The Fifth Circuit’s Reign of Error Is in Jeopardy

The conservative legal movement’s strategy for building cases among friendly judges predates the Biden administration, the Trump administration, and even roughly half of the current Supreme Court justices. An early vehicle for the Texas strategy was Judge Reed O’Connor, a George W. Bush appointee who serves in the Northern District of Texas. O’Connor is notorious for repeatedly ruling that the Affordable Care Act is unconstitutional despite being overturned on appeal each time. A few years ago, he also deeply misread the court’s Indian law precedents to strike down the Indian Child Welfare Act. (The Supreme Court overturned that one as well.)

It’s worth noting that a certain amount of tactical filing—that is, filing suit in a particular location in order to get it in front of a particular judge—for this kind of litigation is inevitable. When Democratic attorneys general challenged Trump administration policies, they often filed their lawsuits in states like California, Hawaii, New York, and Washington. Senators wield extraordinary informal power over which district court judges get appointed in their respective states. As a result, there tend to be more liberal judges in blue states and more conservative judges in red states, even when one party is in power for an extended period of time.
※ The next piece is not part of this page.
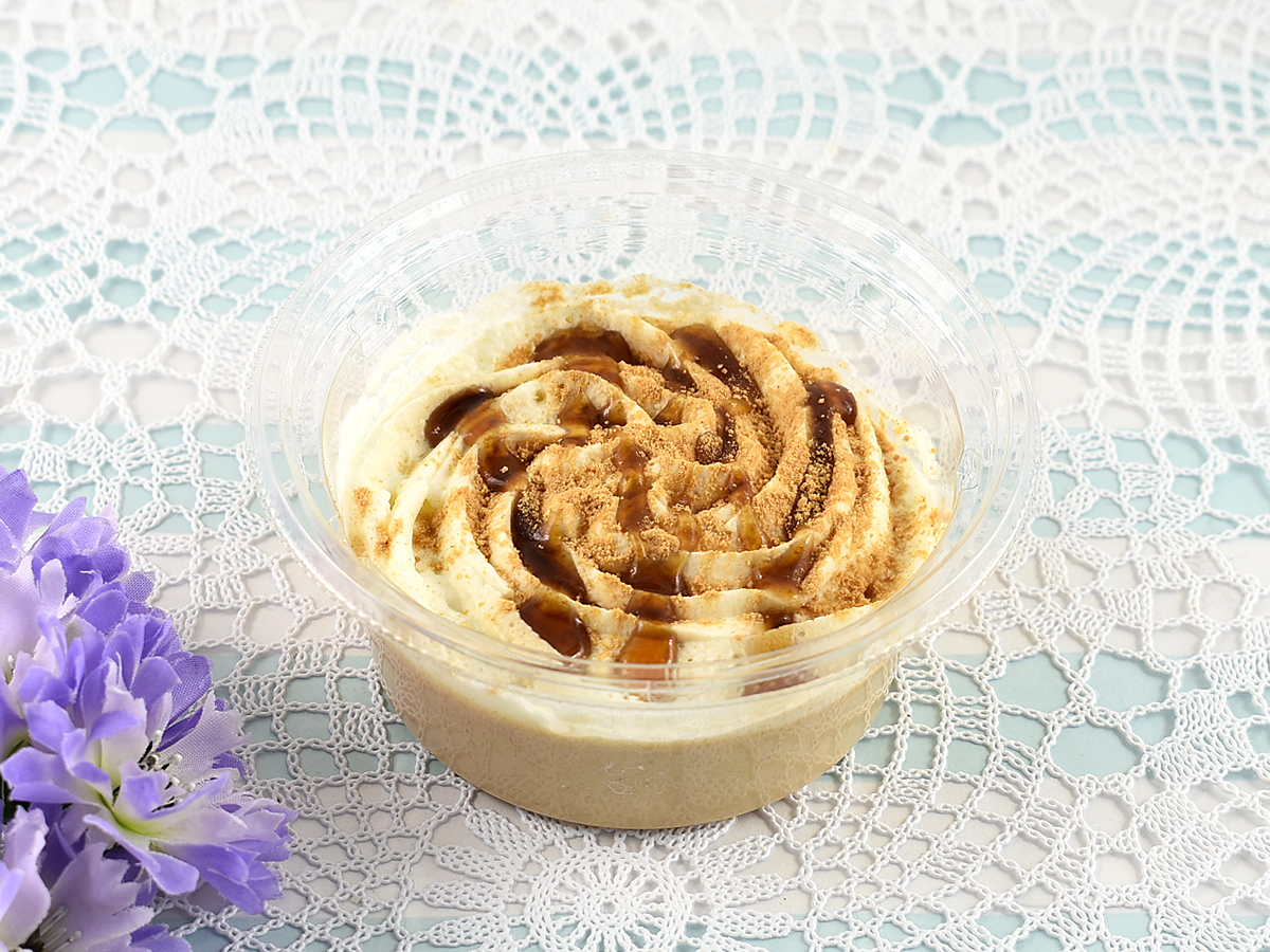 きなこをたっぷり使用したババロアの上に、ホイップクリームと黒蜜ソースがトッピング。パッと見では、プリンやゼリーのようにも見えるカップスイーツです。和スイーツらしく“ばばろあ”とひらがなで表記されているのもカワイイですよね。

But the Texas situation goes beyond that. Conservative legal groups brought all of those cases before O’Connor through an unusual quirk of federal court rules in the state. Texas has four federal district courts, divided into north, south, east, and west. Each of those districts has multiple divisions within it; the Northern District, where O’Connor serves, has seven of them. In divisions with multiple judges, cases are assigned at random among them. O’Connor, on the other hand, was the only active judge in the Northern District’s Fort Worth division for many years. A plaintiff could almost always pick their judge by filing their lawsuit in that specific division.